セクエンツィアは、蹲ったまま動かなかった。長い間、そうしていた。痺れを切らしたヴェルフェディリオが声を上げようとした、その時、ゆぅらりとセクエンツィアが顔を上げた。幽鬼のようなその動きに、ヴェルフェディリオは言おうとした言葉をそっくり呑み込んだ。
その表情は。
ああ、その、表情は。
「…わたしの」
世界の果てを見たかのような、絶望、が浮かんでいた。
「わたしのせいで、レクエ兄さまとキリエ姉さまはしあわせになれなかったんです」
カンタビレの、呪いのような菫の瞳から涙が溢れる。滂沱のようなそれが、セクエンツィアから感情というものを流れ落としていく。それらを落とし尽くして、仮面のように平らになった顔に、それでも涙の海は流れ続ける。
「わたし、幸せになんてならなくてよかった!わたしのせいで、兄さまや姉さまだけじゃない、わたしはマトリカリアさまの、アクゼルストさまの、メトロムとエルドルの幸せを奪ったんだ!わたしが死ねばよかった!姉さまの代わりに、わたしが兄さまのところへ行って、死ねばよかった!!わたしが死ねば、姉さまは死ななくてよかったし、マトリカリアさまがホドを去らなくたってすんだ!!わた、わたし、なんて、」
いなくなっちゃえば、いいんだ
最後の言葉を、ヴェルフェディリオは言わせなかった。セクエンツィアが泣き叫ぶたびに滑り落ちていった右手の代わりに、その左手でセクエンツィアの背を抱いた。セツィ、と彼は妻を呼んだ。願わくば、彼女の絶望をも打ち払うように、強く。
「セツィ。セクエンツィア、いいか。よく聞け」
セクエンツィアは知ってしまった。姉と兄が望まぬ形で結ばれたこと、姉が死んだこと、死んだと思われていたマトリカリアが兄のために家族を置いてホドを出たこと。預言に記された、かつて未来であった出来事。今は過去と呼ばれる出来事。

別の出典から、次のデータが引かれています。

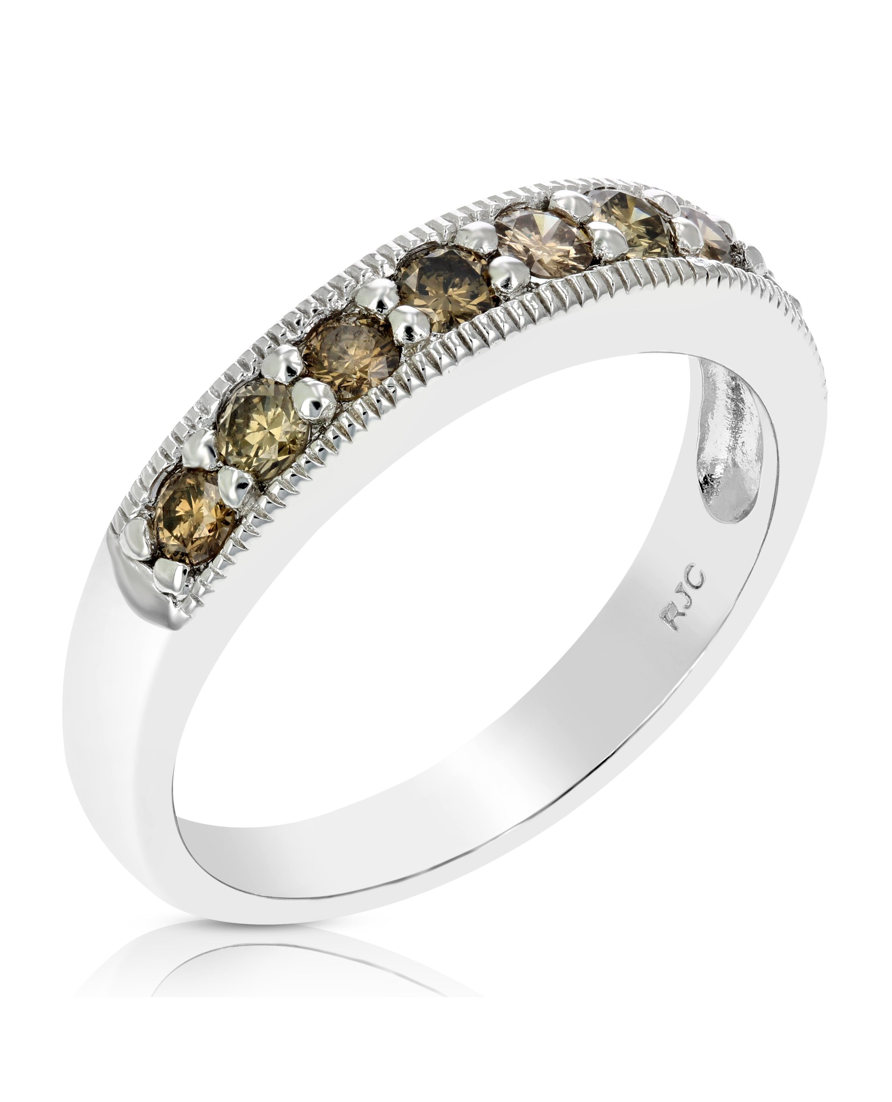 1/2 cttw Champagne Diamond Wedding Band Ring with Milgrain .925 Sterling Silver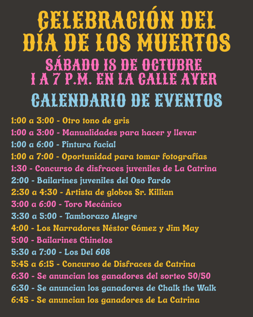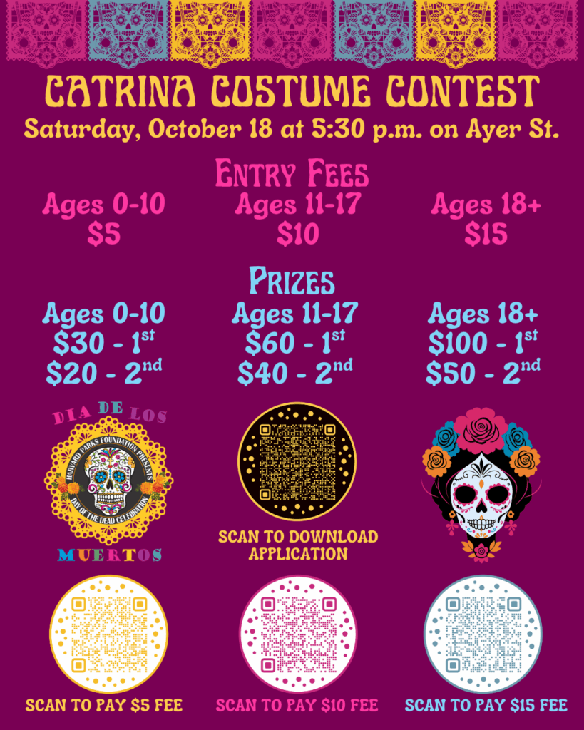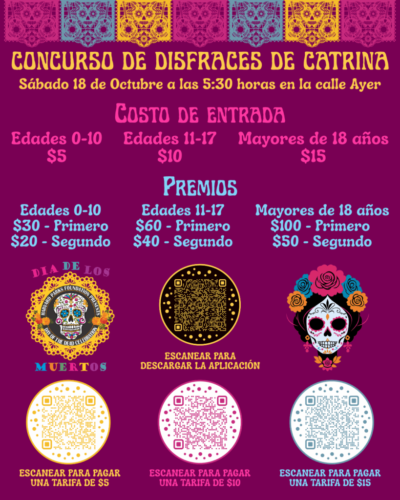 ¡Únase a nosotros en el Concurso de Disfraces de Catrina! ¡Los niños pueden ganar hasta $30, los adolescentes hasta $60 y los adultos hasta $100 si tienen los mejores disfraces de su grupo de edad! Para inscribirse en el concurso, descargue y complete la solicitud.

すべては、預言に記されたこと。セクエンツィアの兄は姉は、マトリカリアは、始祖ユリアとその遺産に心酔し崇拝するカンタビレに連なる彼らは、きっと知っていた。己が預言を知っていた。だが、彼らは自らの預言の通り動いた。それは、預言に記された未来に従っただけのことなのか。それとも、自ら選んだ結末だったのか。
ヴェルフェディリオには分からない。
「おまえの兄貴は、レイはなあ、」
ただ、涙が頬を伝いゆくように、己が見たままの彼を伝えることしか。
「言ったんだ。『妹を頼む』って。俺に、ずぅっと頭を下げて」
兄として、カンタビレの檻を抜け出そうとする妹へ、
「しあわせになれって、言ったんだ」
幸福であれと、鎮魂歌と名づけられた男は言祝いだのだ。
セクエンツィアは、いつまでもその場に蹲っていた。ヴェルフェディリオは、その背をいつまでも抱いていた。女の呻き声が部屋に響いてずっと止まなかった。窓から差し込むオレンジ色の日差しが、部屋全体をオレンジに染めていた。このまま世界の終りがきたとしてもおかしくないと思っていた。
「父さんの研究所の、手伝いがしたいんだ」
メルトレムが、感情を乗せ損ねた声で父に告げた。
「音機関のことを専門的に勉強したいし、…何か、没頭できることがしたい。何も、考えなくていいような」
アクゼルストは暫くの間黙り込んでいた。閉じた瞳を、ゆっくりと開いて、碧空が息子を捉える。「分かった。君がそうしたいなら、やってみなさい」とアクゼルストは答えた。メルトレムは、虚空がぴったりと張り付いた顔で礼を述べた。
(大丈夫。僕は、大丈夫)
メルトレム・イコン・ナイマッハの、ホド・フォミクリー研究所への参入。それが、ホドの一手目であることは、預言に記されていたのだろうか。
(はやく、はやく、終われ。僕、なんて、)
ホド以外のすべてを相手取った、世界と言うチェス盤の。